The mean gender pay gap between men and women, as shown on 31st March 2020, is 20.6%. Compared with a gap of 18.3% in 2019, this represents an increase of 2.3%. The report is published on the University’s Diversity and Inclusion website.

The gender pay gap figure includes all University employees, including cleaners and catering assistants, roles which are currently occupied more often by women, as well as senior academic and managerial roles.

Unlike some other universities, the headline Reading figure includes student workers appointed through the University’s temporary staffing service, “Campus Jobs”. Students fulfil a variety of roles, including in the University’s many cafes, bars and restaurants, assisting with visit days, or as Student Ambassadors. If Campus Jobs workers are not included in the calculations, the University’s mean gender pay gap is 16.9%.

Women progressing their careers
The report also highlights the proportion of women in the upper pay quartile. The proportion in 2017, when Gender Pay Gap reporting began, was 42%. It has now increased to 48%, demonstrating that women are progressing their careers and holding more senior positions.
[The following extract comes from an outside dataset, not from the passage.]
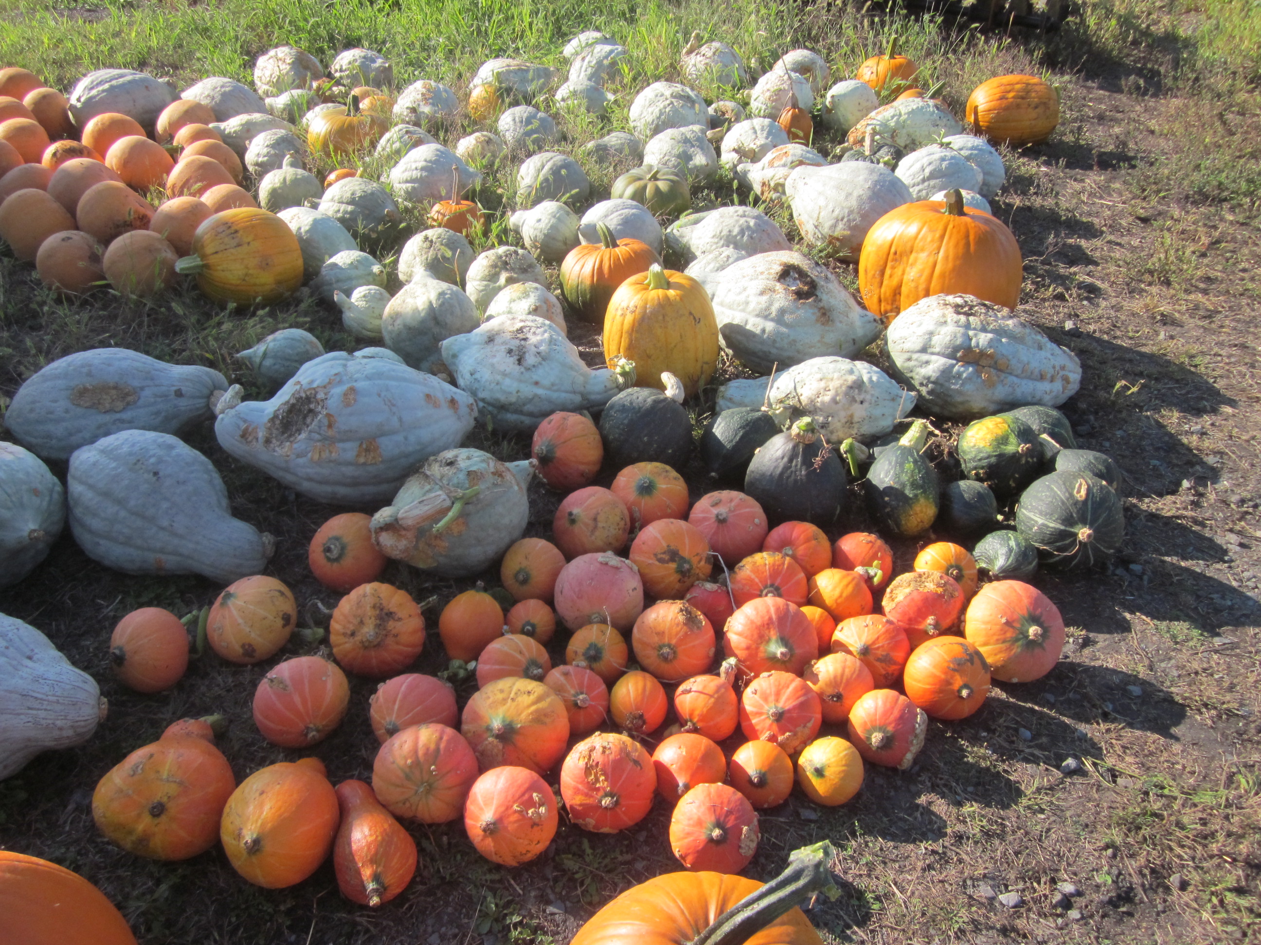 Blue hubbards curing in the field since last week, with newly collected pumpkins other orange squashes. The dark green are a hubbard-type squash called Anna Swartz. Leaving them outside to cure is a bit of field roulette, maybe the woodchucks will come for them, maybe the frost will descend upon us.

The University continually reviews its promotion procedures for academic staff and values teaching, citizenship and leadership, and diversity and inclusion contributions. This has led to higher levels of applications across all academic staff and very strong success rates, particularly for female staff.

In the academic year 2019/20:

68% of successful applications for promotion to Associate Professor and Professor were from women, an increase of 12% from 56% in 2018/19.
57% of female academic staff who applied for promotion to Professor were successful, compared with 53% of male academic staff.
Deputy Vice-Chancellor Professor Parveen Yaqoob said: “Implementing change takes time. We first began reporting on our gender pay gap four years ago. We have seen our overall gap go up and down in that time, reflecting that small changes can have a disproportionate impact, but the broader picture is that we are moving in the right direction.

“We now have more women in senior roles and, in line with our targets, we now have a larger proportion of female professors and greater female representation on our key committees, including the University Executive Board.

“I am very proud that the University achieved a silver Athena SWAN award in March 2020. Four Schools now hold silver awards, and three Schools hold bronze awards. Our Athena SWAN action plan will support women’s career progression at Reading and will help to reduce the gender pay gap over the longer-term.”

Bonus pay gap
The report also takes into account the number and value of bonuses awarded to members of staff. The University of Reading operates reward and recognition schemes to encourage, recognise and value the hard work, commitment and achievements of staff who go above and beyond the normal expectations of their role.

Such schemes include the Celebrating Success award, which offers colleagues gift vouchers ranging from £25 to £100 as a thank you for a job well done, and the Lump Sum Award scheme, which recognises staff whose exceptional contribution on a one-off or short-term basis has been outstanding and is worthy of particular note. These awards typically range from £250 to £1,500 in value.

The mean bonus pay gap has increased from 24.6% in 2019 to 30.6% in 2020. However, the median bonus pay gap is 0% as the median value of awards to both men and women was the same at £100.

Despite the increase in the bonus pay gap, a greater proportion of women received a bonus than men:

The proportion of women who received a bonus has increased from 24% in 2019 to 27% in 2020.
In the 12-month period to 31 March 2020, 838 bonus awards were made to women, while 463 were awarded to men.

Comments are closed.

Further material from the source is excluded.